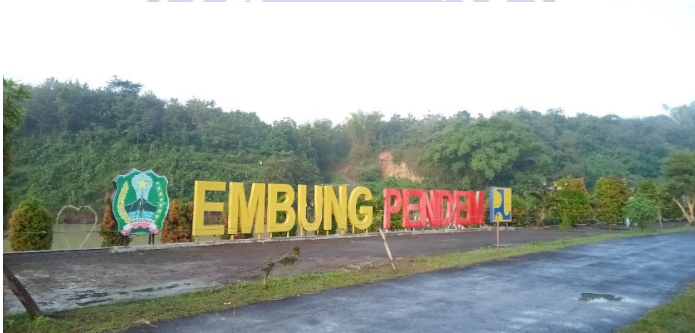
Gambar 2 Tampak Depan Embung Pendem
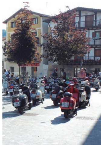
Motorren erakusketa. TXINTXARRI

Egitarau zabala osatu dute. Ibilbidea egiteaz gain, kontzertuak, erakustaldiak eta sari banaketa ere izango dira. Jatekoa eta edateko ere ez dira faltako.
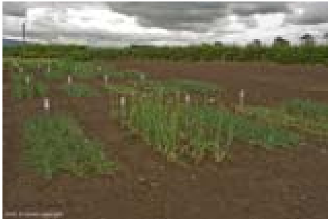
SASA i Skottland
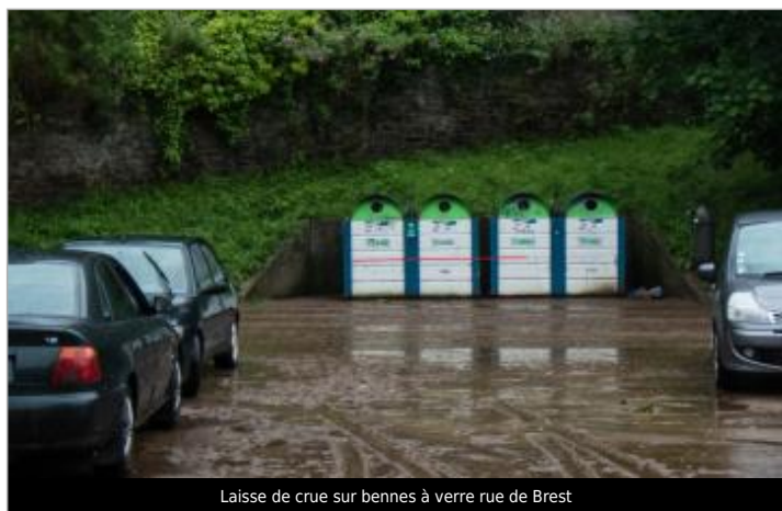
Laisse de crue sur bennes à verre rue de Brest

____________________

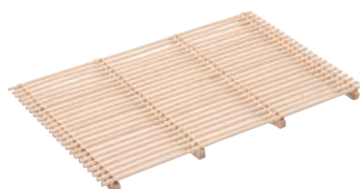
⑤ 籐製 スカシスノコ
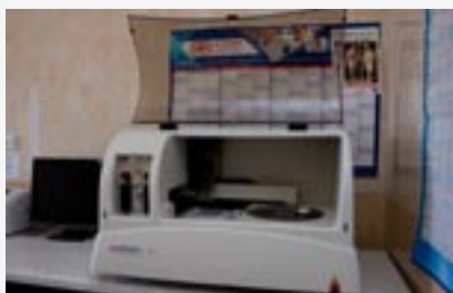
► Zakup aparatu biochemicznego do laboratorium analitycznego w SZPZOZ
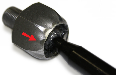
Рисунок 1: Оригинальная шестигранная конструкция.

____________________

> **PROBLEM STATEMENT**
In the records above, find the line with "Gambar 2 Tampak Depan Embung Pendem" and the line with "Laisse de crue"; please transcribe exactly those two lines and all lines between them, omitting any picture.

> **RESPONSE TO THIS TASK**
Gambar 2 Tampak Depan Embung Pendem
Motorren erakusketa. TXINTXARRI

Egitarau zabala osatu dute. Ibilbidea egiteaz gain, kontzertuak, erakustaldiak eta sari banaketa ere izango dira. Jatekoa eta edateko ere ez dira faltako.
SASA i Skottland
Laisse de crue sur bennes à verre rue de Brest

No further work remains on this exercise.